Rafael Puget a los veinte años.
Mi abuelo paterno era de Osseja, y de la Cerdaña francesa vino a estas tierras. Trajo consigo a su familia y su hijo mayor fue, andando el tiempo, mi padre. Mi abuelo Puget se estableció en Vich, donde construyó un caserón que, de mi tiempo, vendimos. En el caserón estableció una fábrica de hilados y tejidos, muy primitiva, accionada por mulas. En ciertos momentos mi familia llegó a tener cuarenta y ocho mulas en el establo. Estos animales, divididos en cuatro tandas de doce mulas, accionaban una noria la cual ponía en movimiento una complicada y ruidosa maquinaria de hilar y de tejer.
El país, entonces, era virgen. Mi abuelo, el año 44, compró un pequeño salto de agua en Manlleu y se estableció allí con su familia. Vendió las viejas mulas y utilizó, en medio de la admiración general, la fuerza hidráulica. La prehistoria de la industrialización del textil en este país está unida a los desvelos de unos cuantos franceses.
Los Puget, de Osseja, fueron una de las familias más antiguas de la Cerdaña francesa.

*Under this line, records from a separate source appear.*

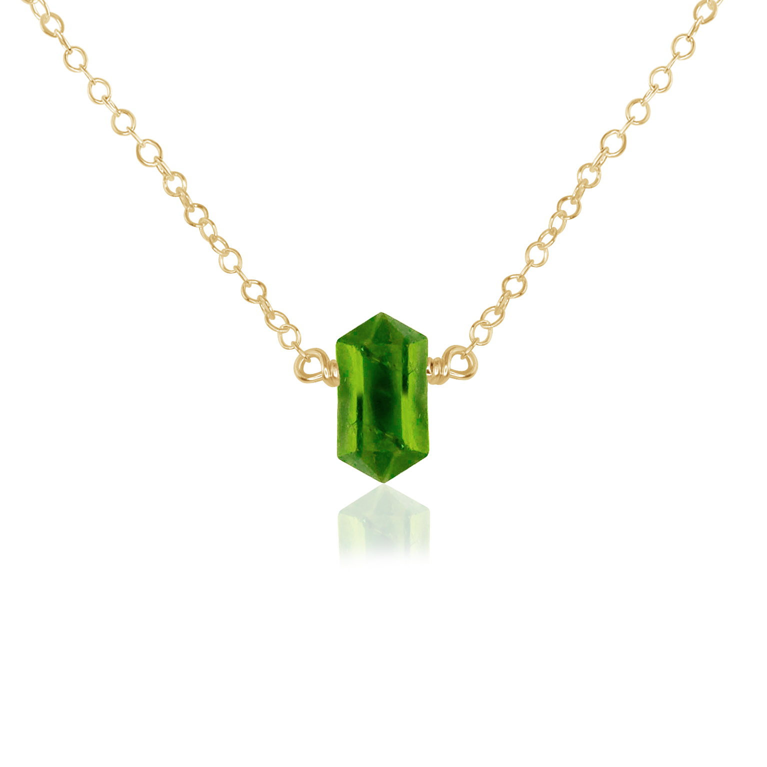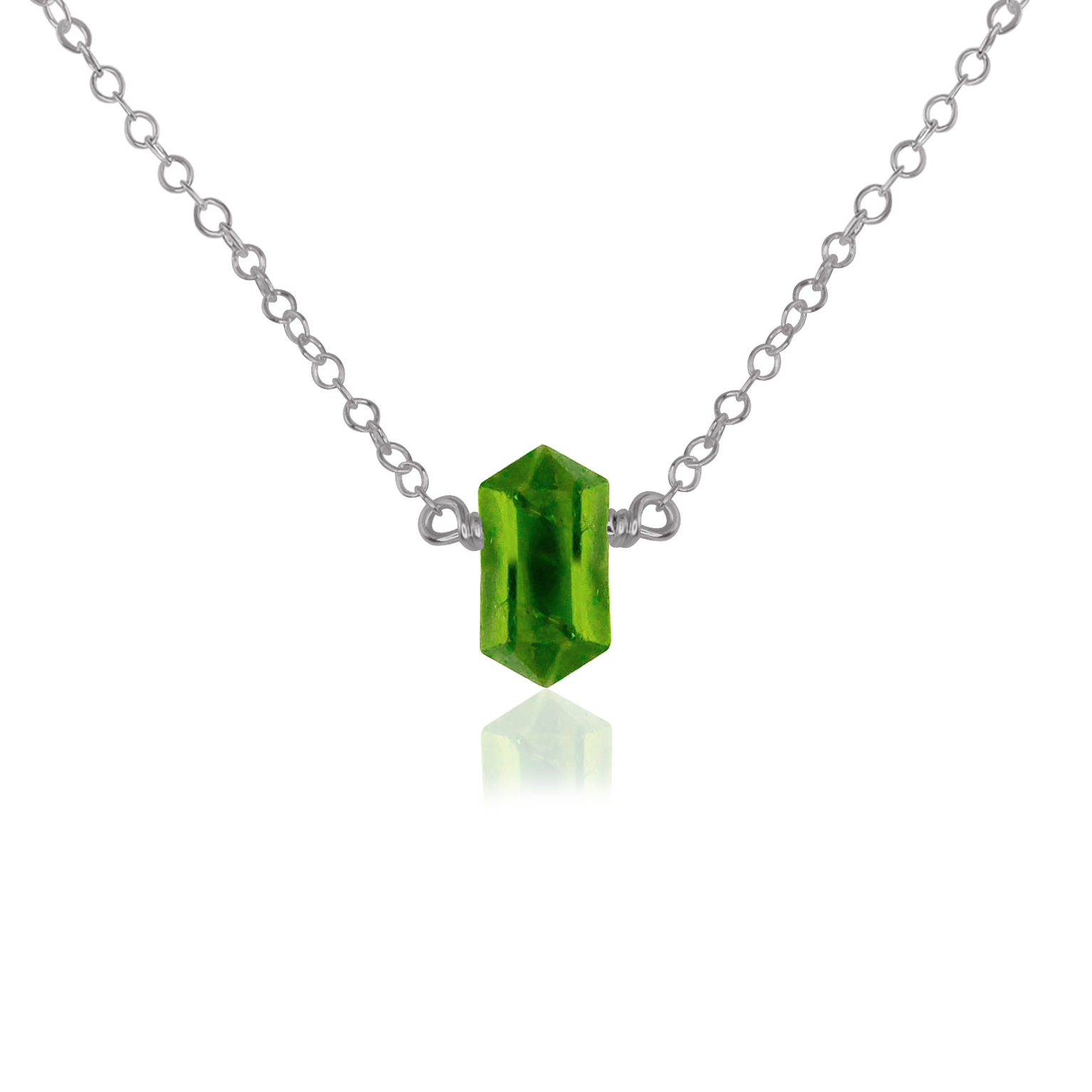 The Double Terminated Peridot Mini Crystal Point Necklace glows with fresh green light, like new leaves kissed by the morning sun. Peridot is the stone of joy, renewal, and abundance, uplifting the heart while clearing away old energy so you can embrace growth and positivity. The petite double terminated crystal point allows energy to flow both inward and outward, symbolising release, renewal, and harmony. Wearing this necklace surrounds you with optimism and vibrant energy every day.
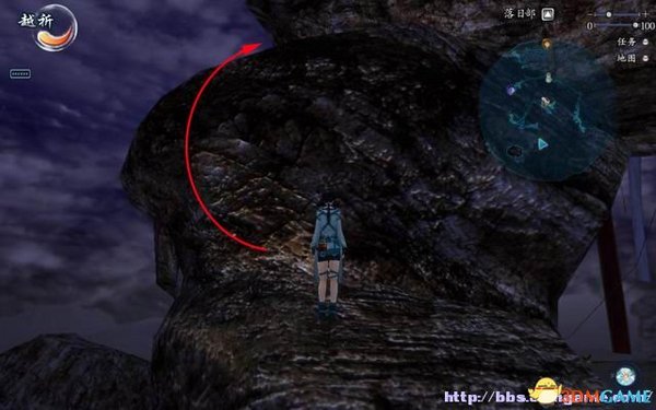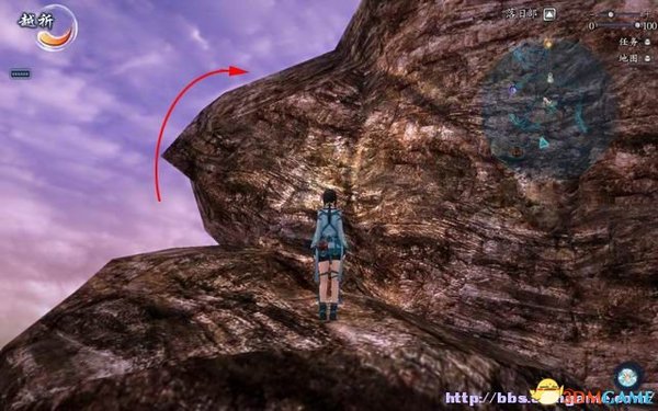 面对那道高崖的巨石,由帐篷边缘朝石壁的突台上跳,沿着斜面顺时针方向绕过去,注意要按住W键贴紧石壁,再不停的跳跃来保持不滑下去。
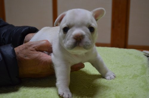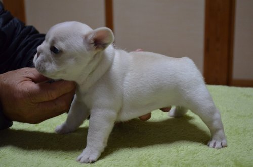 掲載されていた仔犬が可愛らしく見学を希望、西村さんよりすぐご連絡頂きました。見学に行った時には仔犬だけじゃぁ無く親犬や他の仔犬など沢山のフレンチにふれ合い、とても気さくな西村さんとお話ししていて幸せなひと時でした。帰りは近くの高速の入り口まで案内して頂きました。我が家に迎え入れて数日経ちますが元気で愛くるしくってたまらないです。(大阪府 女性)

De chico oí hablar de los antepasados de mi familia. Recuerdo a Antonio del Puget, mariscal de campo y escritor, que nos ha dejado unas memorias que narran las turbulencias religiosas en el mediodía de Francia desde 1561 a 1596; al conde del Puget, militar y naturalista, que escribió varios tratados sobre la artillería de la época; Joseph Puget, marqués de Barlantane, militar y diplomático, nacido en Aviñón; a Luis Puget, naturalista, uno de los fundadores de la Academia de Lyon; a Luisa Puget, compositora, que murió en Pau, y a otro Puget también compositor, nacido en Nantes en 1850, que fue maestro de coros de la Ópera de París… Y dado que en las familias hay de todo, recordaré al convencional Puget que votó la decapitación de Luis XVI en la época de la Revolución.